TASK INSTRUCTIONS: Pictures stay out of this copy; please retype only the lines from the start of the records through the line with "Takenobu Igarashi is".

[Entries taken from a collection]

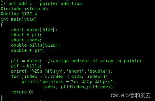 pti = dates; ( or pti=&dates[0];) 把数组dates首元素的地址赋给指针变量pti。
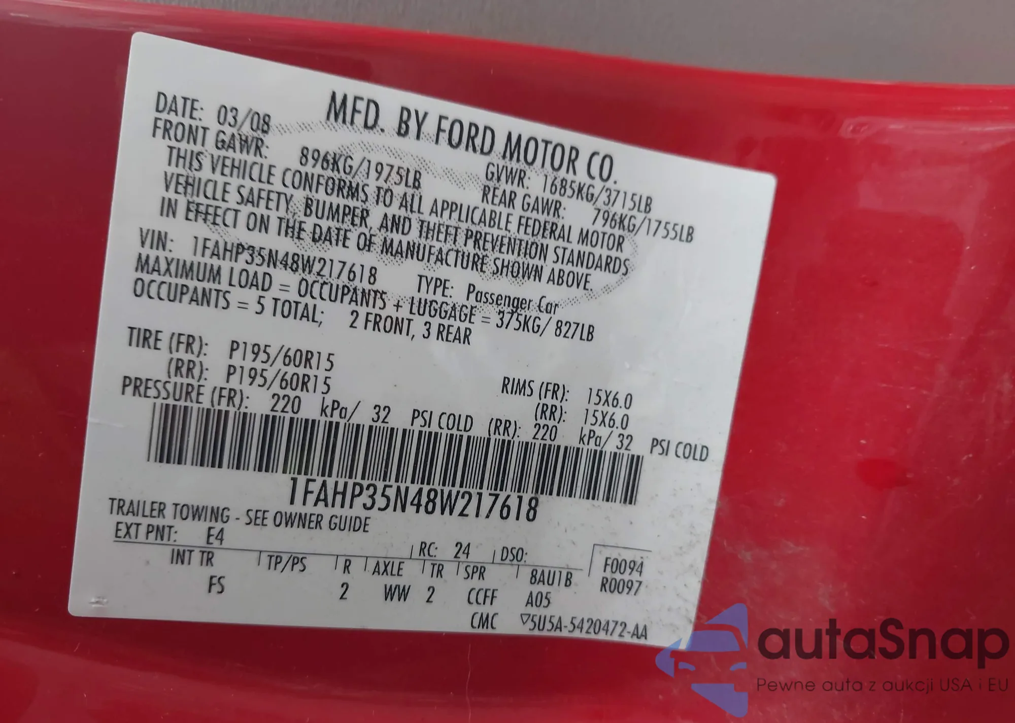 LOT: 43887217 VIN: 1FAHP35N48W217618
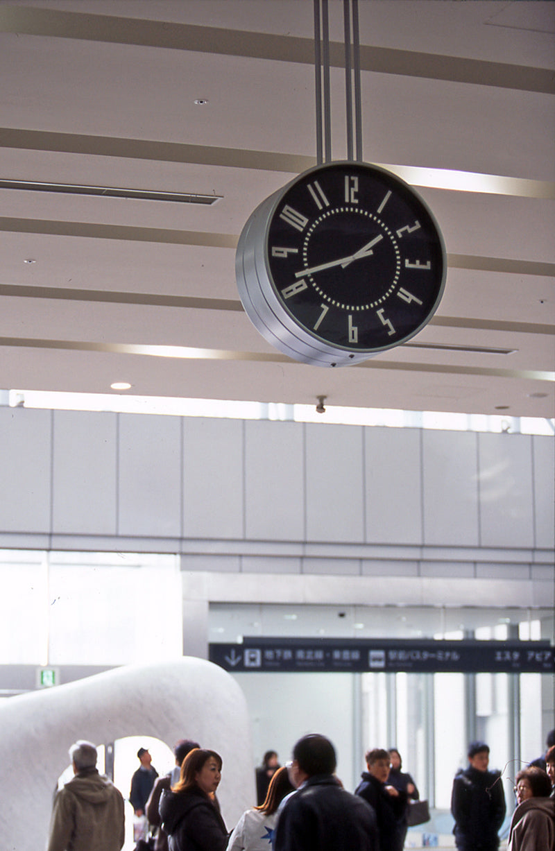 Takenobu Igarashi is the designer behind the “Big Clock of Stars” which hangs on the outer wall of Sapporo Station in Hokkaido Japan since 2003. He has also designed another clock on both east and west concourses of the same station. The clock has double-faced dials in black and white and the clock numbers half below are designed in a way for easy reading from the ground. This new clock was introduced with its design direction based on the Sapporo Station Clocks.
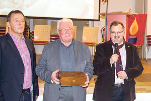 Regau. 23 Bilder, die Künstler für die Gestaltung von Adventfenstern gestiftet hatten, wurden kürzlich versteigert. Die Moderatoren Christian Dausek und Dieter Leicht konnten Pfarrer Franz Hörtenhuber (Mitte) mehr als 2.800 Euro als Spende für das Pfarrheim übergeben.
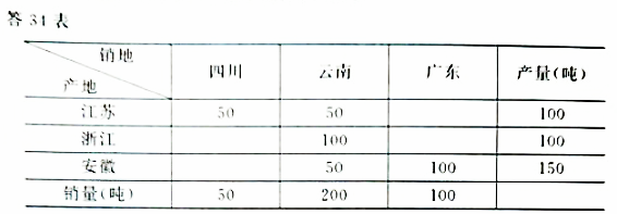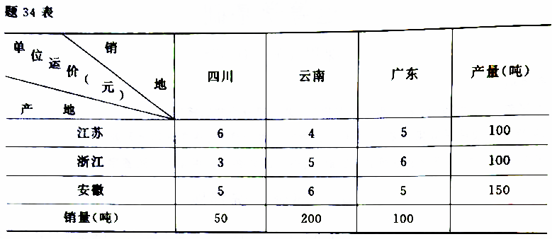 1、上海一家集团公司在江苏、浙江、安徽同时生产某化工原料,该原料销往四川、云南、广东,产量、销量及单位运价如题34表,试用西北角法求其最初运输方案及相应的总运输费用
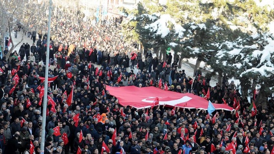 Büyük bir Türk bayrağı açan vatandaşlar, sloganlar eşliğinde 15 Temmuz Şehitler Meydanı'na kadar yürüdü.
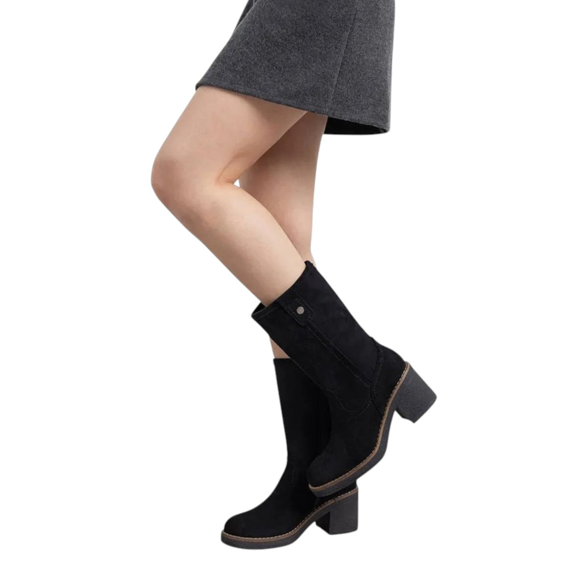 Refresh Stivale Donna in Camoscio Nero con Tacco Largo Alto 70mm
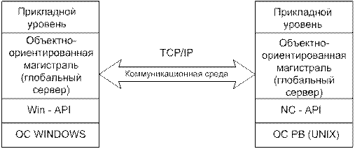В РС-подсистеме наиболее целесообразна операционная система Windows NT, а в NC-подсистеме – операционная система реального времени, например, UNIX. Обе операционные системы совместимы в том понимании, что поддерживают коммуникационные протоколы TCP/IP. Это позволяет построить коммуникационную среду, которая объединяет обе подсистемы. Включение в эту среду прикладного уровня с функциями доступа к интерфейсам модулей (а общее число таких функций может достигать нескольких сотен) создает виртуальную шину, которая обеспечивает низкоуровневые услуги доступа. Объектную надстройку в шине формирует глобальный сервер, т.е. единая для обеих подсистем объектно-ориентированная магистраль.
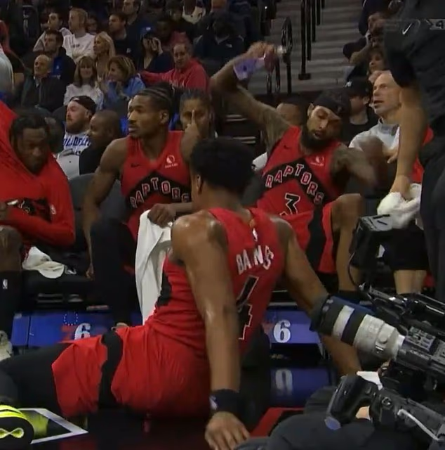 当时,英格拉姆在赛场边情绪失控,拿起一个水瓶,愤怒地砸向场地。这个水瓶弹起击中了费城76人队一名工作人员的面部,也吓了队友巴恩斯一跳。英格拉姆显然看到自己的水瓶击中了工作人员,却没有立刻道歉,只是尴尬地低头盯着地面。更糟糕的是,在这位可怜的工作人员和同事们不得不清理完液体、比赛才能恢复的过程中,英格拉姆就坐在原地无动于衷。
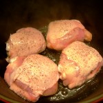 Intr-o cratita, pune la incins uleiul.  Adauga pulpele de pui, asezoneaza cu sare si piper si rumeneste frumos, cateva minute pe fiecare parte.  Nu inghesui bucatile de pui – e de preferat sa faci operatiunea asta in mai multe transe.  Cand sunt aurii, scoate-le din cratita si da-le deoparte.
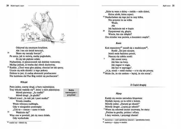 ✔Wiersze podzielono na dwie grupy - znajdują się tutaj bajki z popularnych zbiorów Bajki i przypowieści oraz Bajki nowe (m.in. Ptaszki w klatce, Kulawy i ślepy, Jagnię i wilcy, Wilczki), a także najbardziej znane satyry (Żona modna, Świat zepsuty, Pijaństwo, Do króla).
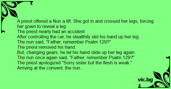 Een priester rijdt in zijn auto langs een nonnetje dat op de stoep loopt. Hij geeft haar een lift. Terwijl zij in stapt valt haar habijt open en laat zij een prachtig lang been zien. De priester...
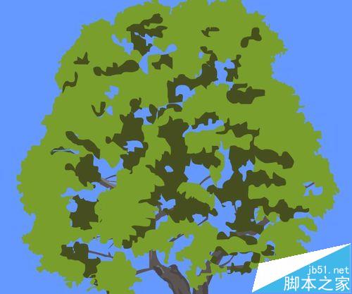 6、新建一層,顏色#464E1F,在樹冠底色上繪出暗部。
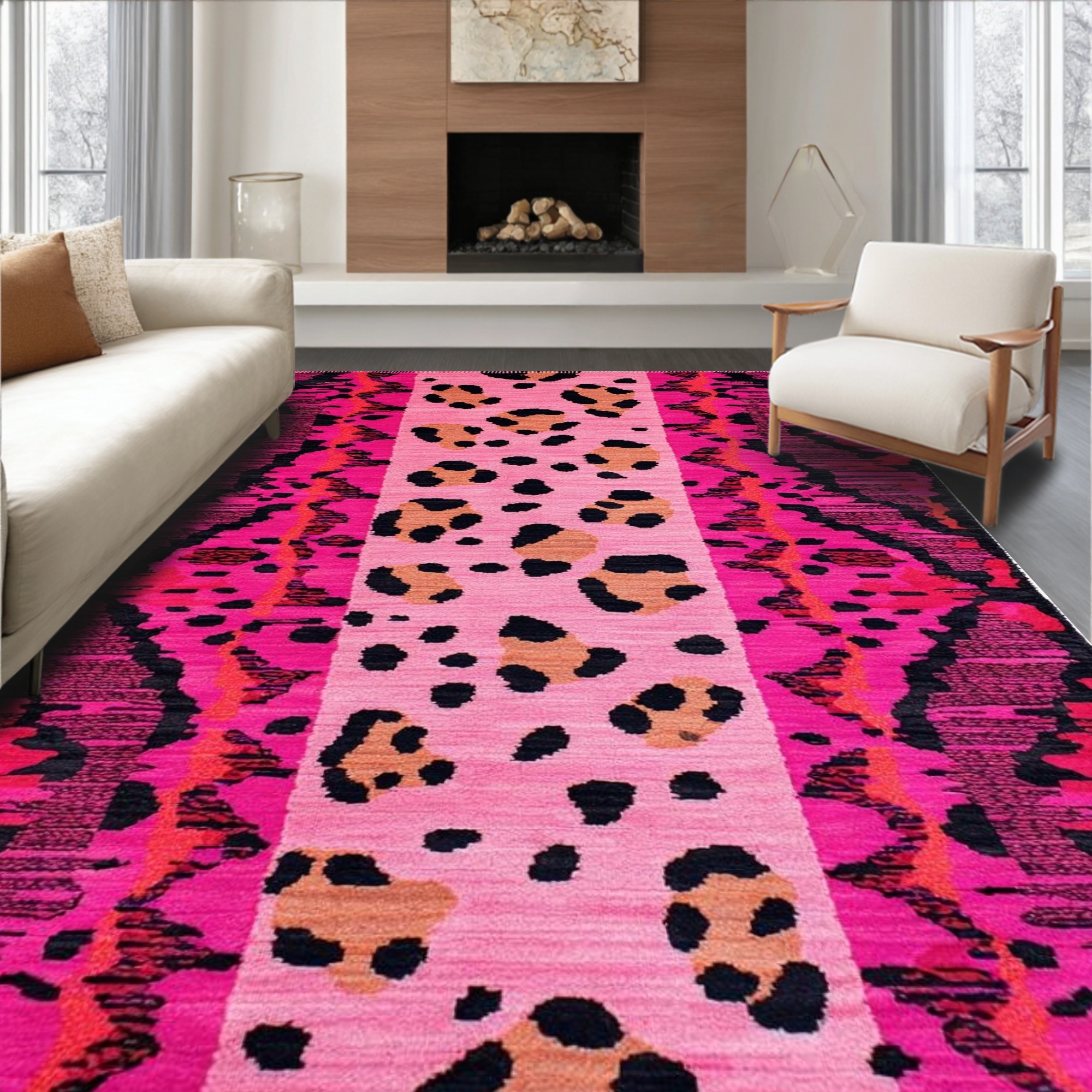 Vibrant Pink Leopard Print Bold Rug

TASK RESPONSE:
 pti = dates; ( or pti=&dates[0];) 把数组dates首元素的地址赋给指针变量pti。
 LOT: 43887217 VIN: 1FAHP35N48W217618
 Takenobu Igarashi is the designer behind the “Big Clock of Stars” which hangs on the outer wall of Sapporo Station in Hokkaido Japan since 2003. He has also designed another clock on both east and west concourses of the same station. The clock has double-faced dials in black and white and the clock numbers half below are designed in a way for easy reading from the ground. This new clock was introduced with its design direction based on the Sapporo Station Clocks.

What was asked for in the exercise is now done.